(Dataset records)

BEGIN

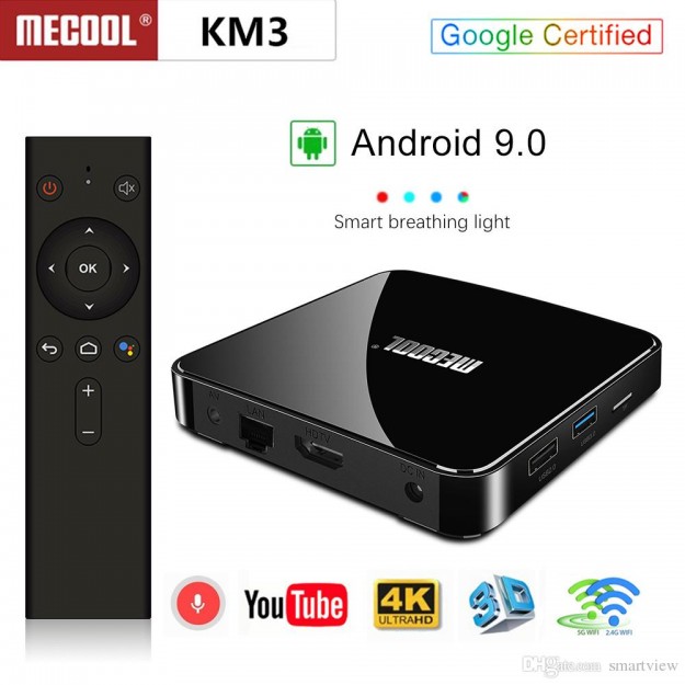 - MECOOL KM3 – устройство на новой Android 9.0 с сертификацией от Google. Внутри актуальный чипсет Amlogic S905X2 на 8-х ядрах Cortex-A53. Дополняют его 4 ГБ оперативной памяти и 64 ГБ встроенной. Хранилище расширяется карточками microSD до 128 ГБ. На выходе поддерживается звучание в формате 5.1. Для подключения и синхронизации задействованы порты: HDMI 2.0, RJ45. Wi-Fi работает на частотах 2,4 и 5 ГГц. Программная часть в сочетании с железом MECOOL KM3 способным воспроизводить видео в 4K формате. Устройство идеально подойдет для домашнего использования, но покажет себя в лучшем виде только на современных телевизорах с диагональю от 42 дюймов и разрешением от FullHD.
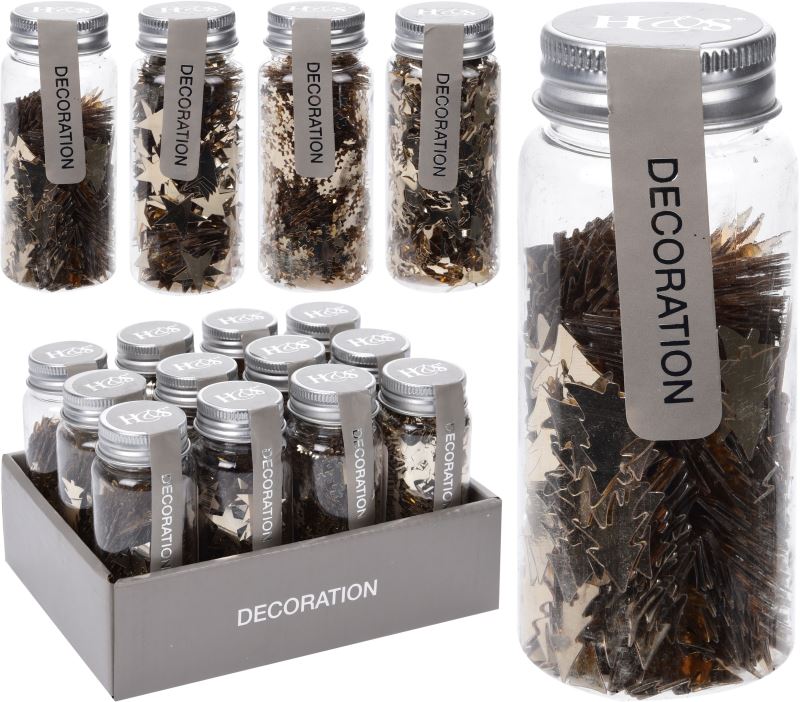 Luxusní vánoční konfety, ve skleničce, mix motivů, zvězdy, vločky, stromky, sobi
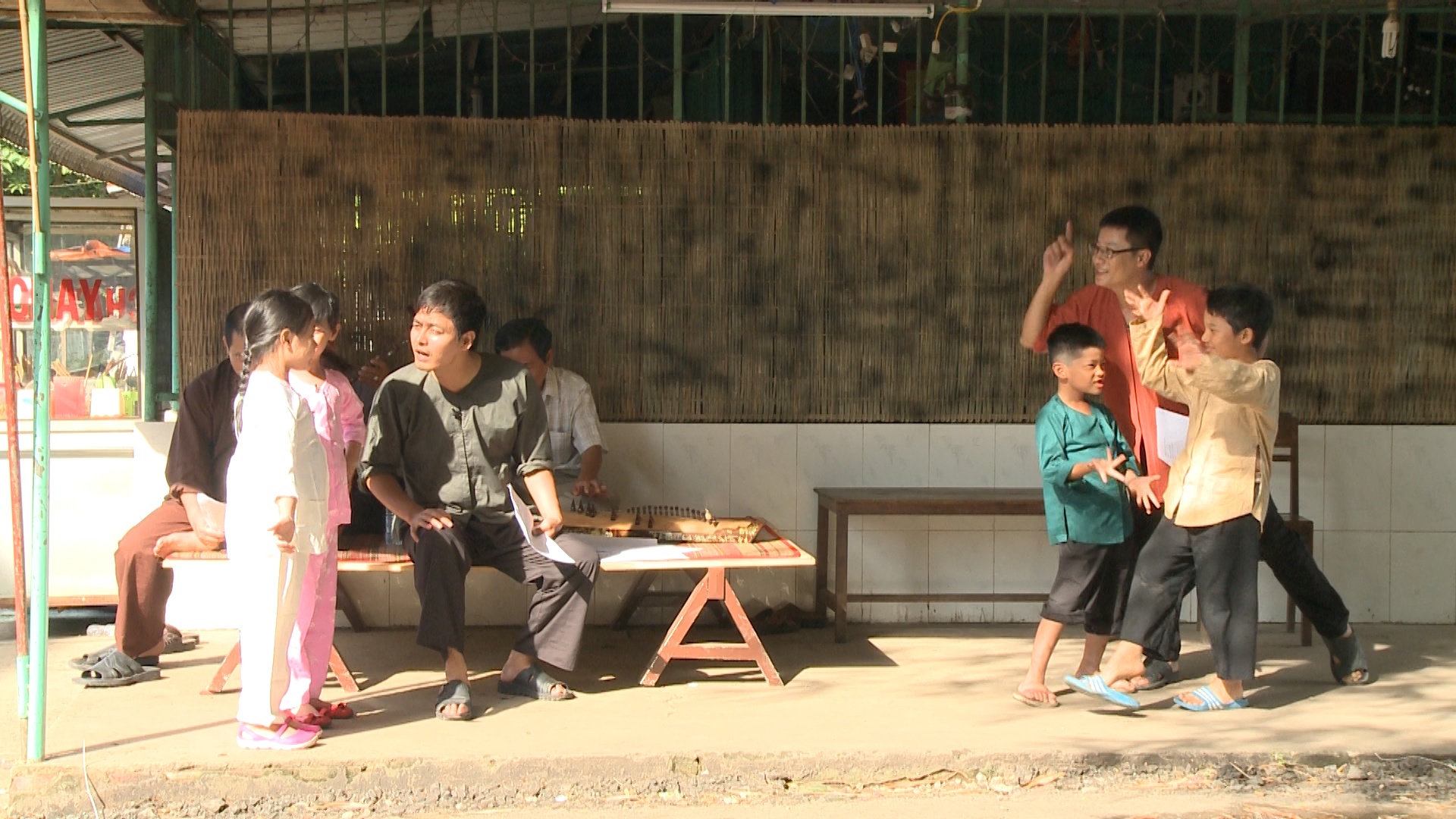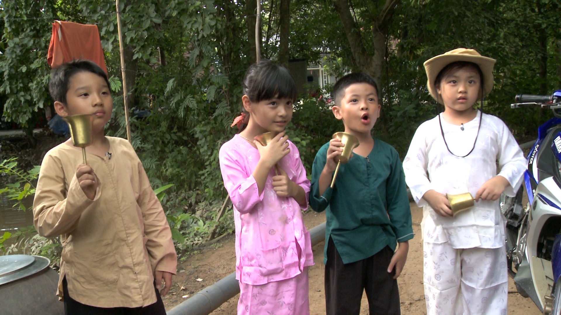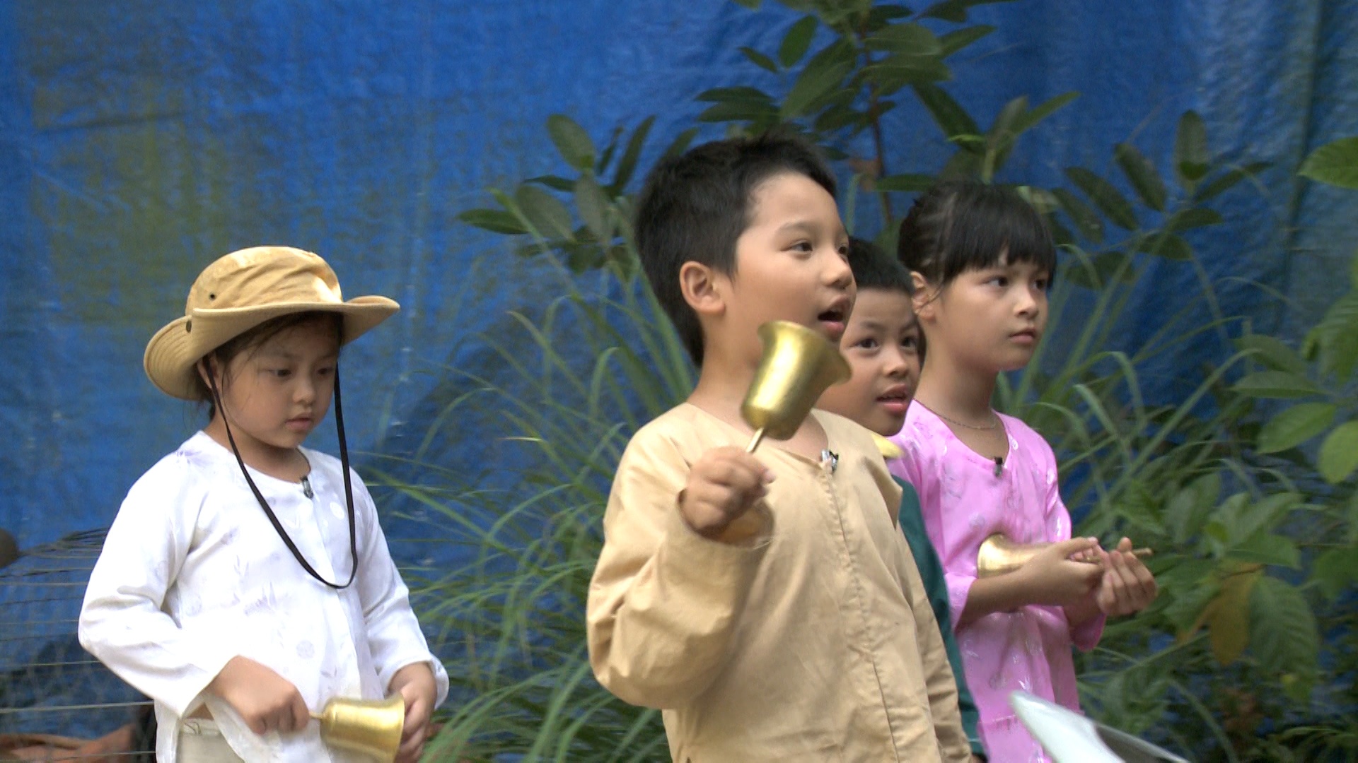 | Sau khi tập luyện, các bé nhận nhiệm vụ đi mời bà con dân làng đến xem buổi biểu diễn. |
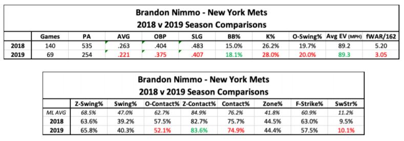 With the conclusion of the 2019 season, this is how Brandon Nimmo’s previous two seasons compared to each other:
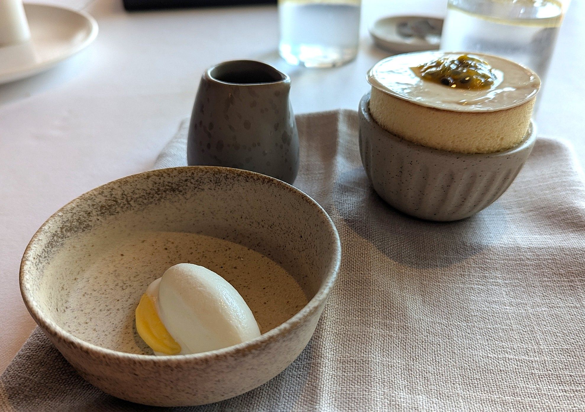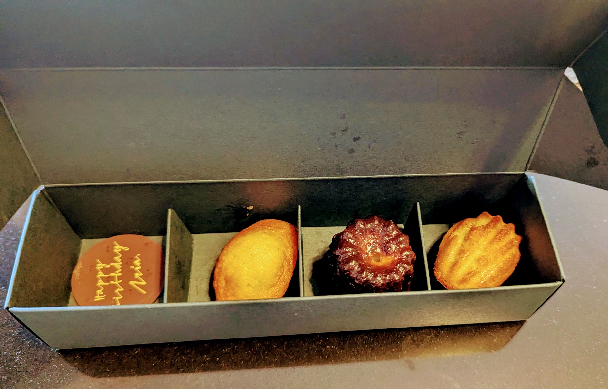 The tables are set well apart, feature white linen, comfortable seats and beautiful views. The staff are excellent, know the menu, and are friendly and efficient. I received a birthday cake with candle – and extra friands in an attractive box to take home.
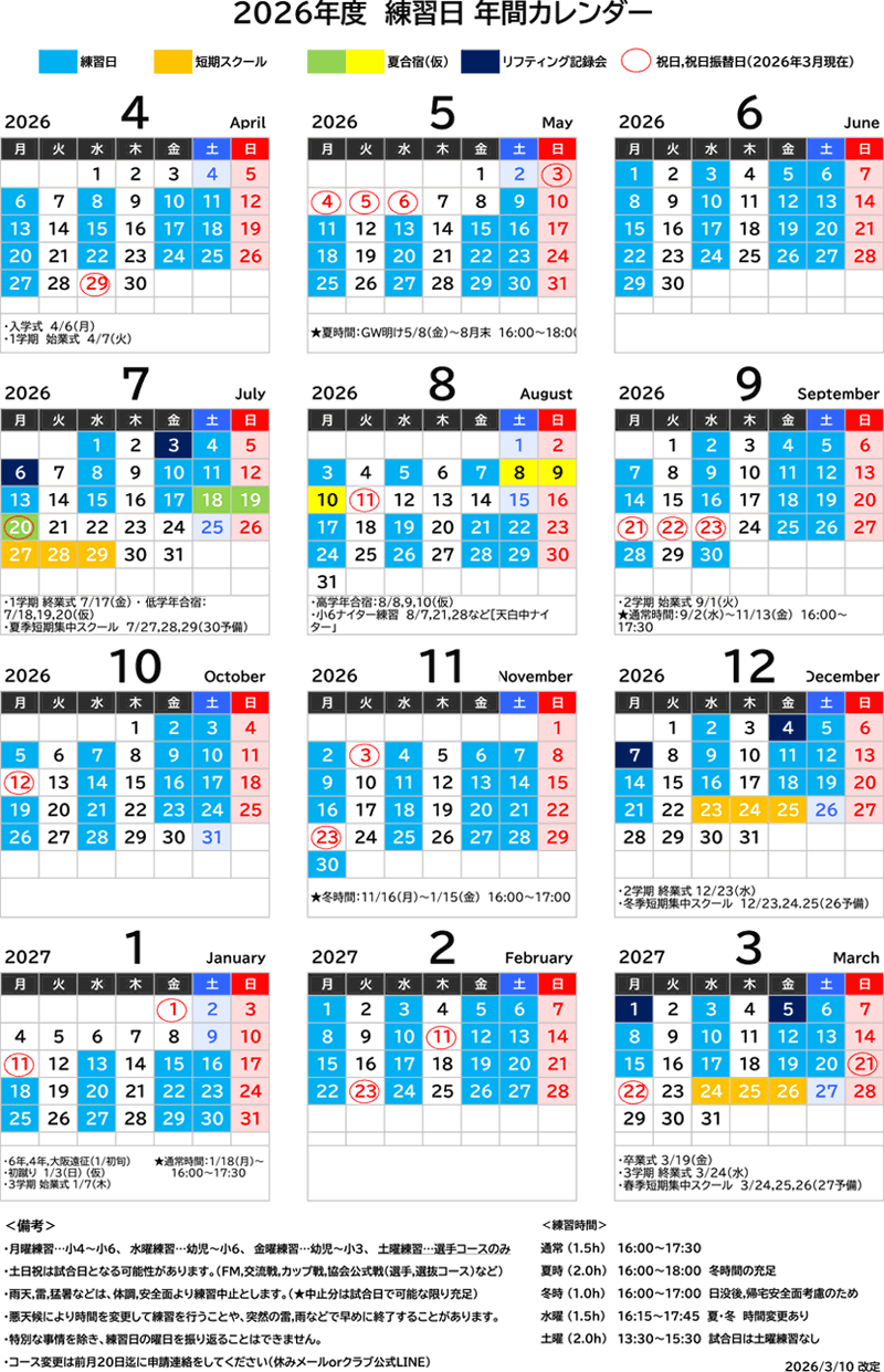 2026年間練習日カレンダー
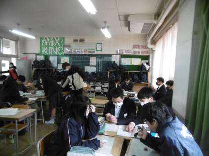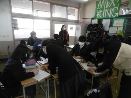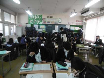 英語、数学に続き、理科も入試対策プリントを4人班を活用しながら、みんなで解いていました。教室からも目前に迫った私立高校等入試の緊張感が伝わってきていました。
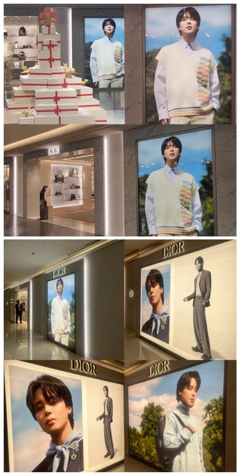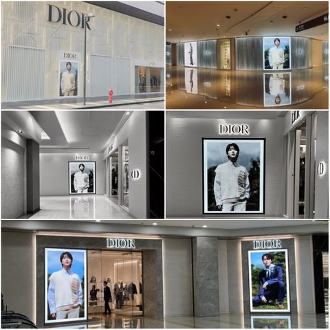 캠페인 영상과 함께 여러 나라 백화점들에 걸린 이번 시즌 디올 지민이 사진들
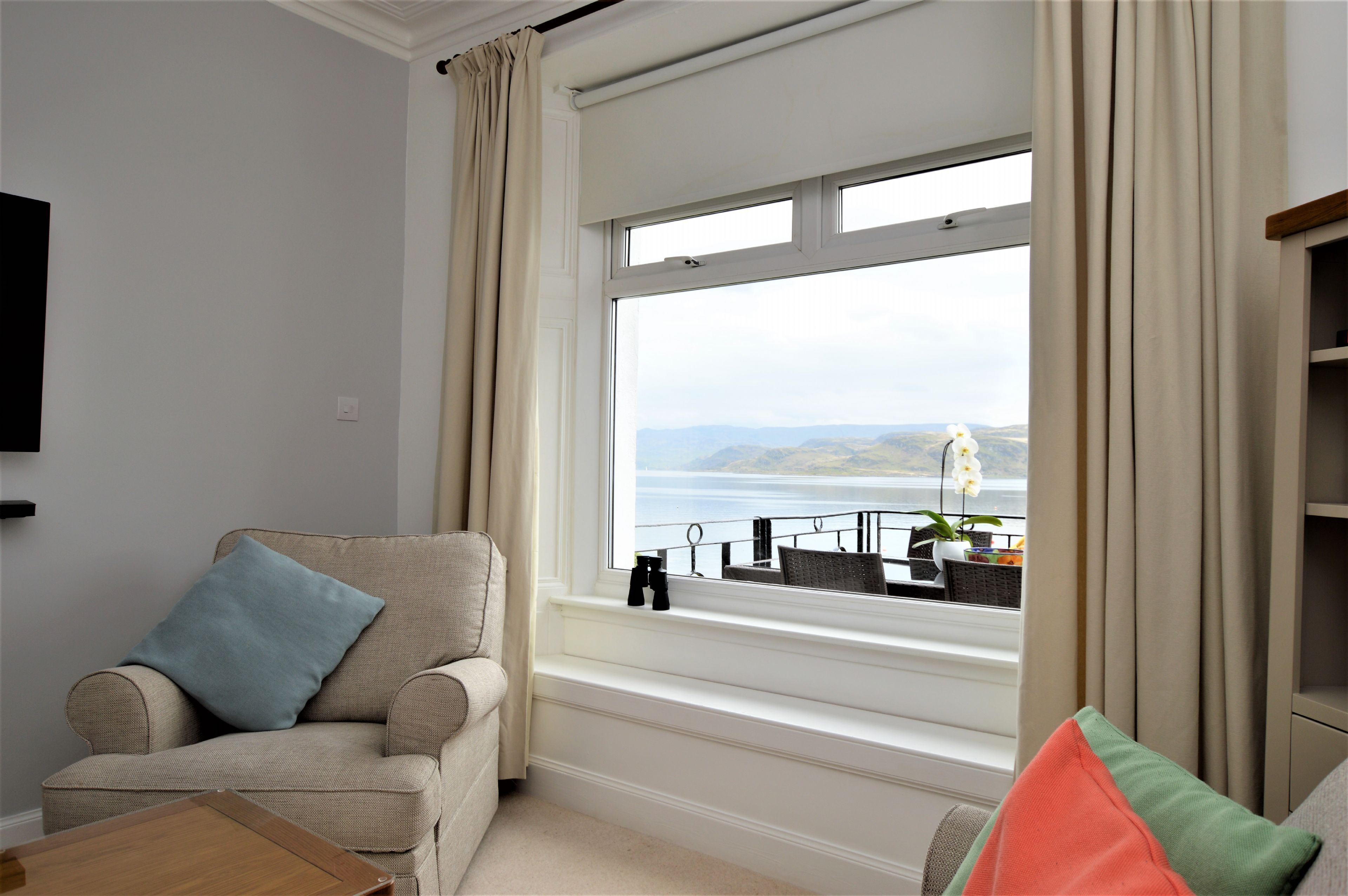 - Sitting room with two bay windows, wood-burning stove, comfortable seating, TV and stunning views accross Loch Fyne
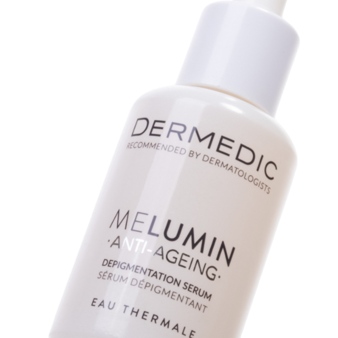 Prikladan za svakodnevnu njegu, DERMEDIC Melumin depigmentacijski serum ne samo da posvjetljuje postojeće diskoloracije već i pomaže u usporavanju procesa starenja kože. Klinički testirana i hipoalergena formula s termalnom vodom čini ovaj serum idealnim za sve tipove kože, uključujući osjetljivu.
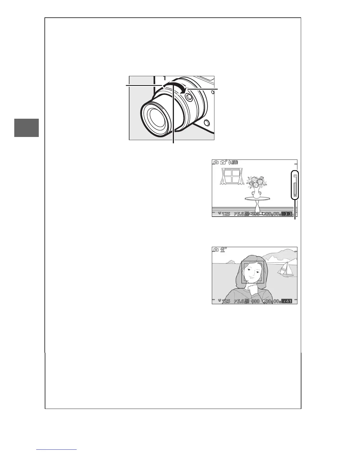 zoom in, shorter focal lengths to zoom out).
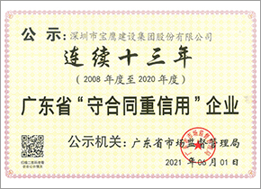 廣東省守合同重信用企業(yè)(連續(xù)多年);

END

Your copy should hold only the lines from the line with "biểu diễn. |" through the end of the data above, both ends included, transcribed exactly and without pictures.

• REPLY:
 | Sau khi tập luyện, các bé nhận nhiệm vụ đi mời bà con dân làng đến xem buổi biểu diễn. |
 With the conclusion of the 2019 season, this is how Brandon Nimmo’s previous two seasons compared to each other:
 The tables are set well apart, feature white linen, comfortable seats and beautiful views. The staff are excellent, know the menu, and are friendly and efficient. I received a birthday cake with candle – and extra friands in an attractive box to take home.
 2026年間練習日カレンダー
 英語、数学に続き、理科も入試対策プリントを4人班を活用しながら、みんなで解いていました。教室からも目前に迫った私立高校等入試の緊張感が伝わってきていました。
 캠페인 영상과 함께 여러 나라 백화점들에 걸린 이번 시즌 디올 지민이 사진들
 - Sitting room with two bay windows, wood-burning stove, comfortable seating, TV and stunning views accross Loch Fyne
 Prikladan za svakodnevnu njegu, DERMEDIC Melumin depigmentacijski serum ne samo da posvjetljuje postojeće diskoloracije već i pomaže u usporavanju procesa starenja kože. Klinički testirana i hipoalergena formula s termalnom vodom čini ovaj serum idealnim za sve tipove kože, uključujući osjetljivu.
 zoom in, shorter focal lengths to zoom out).
 廣東省守合同重信用企業(yè)(連續(xù)多年);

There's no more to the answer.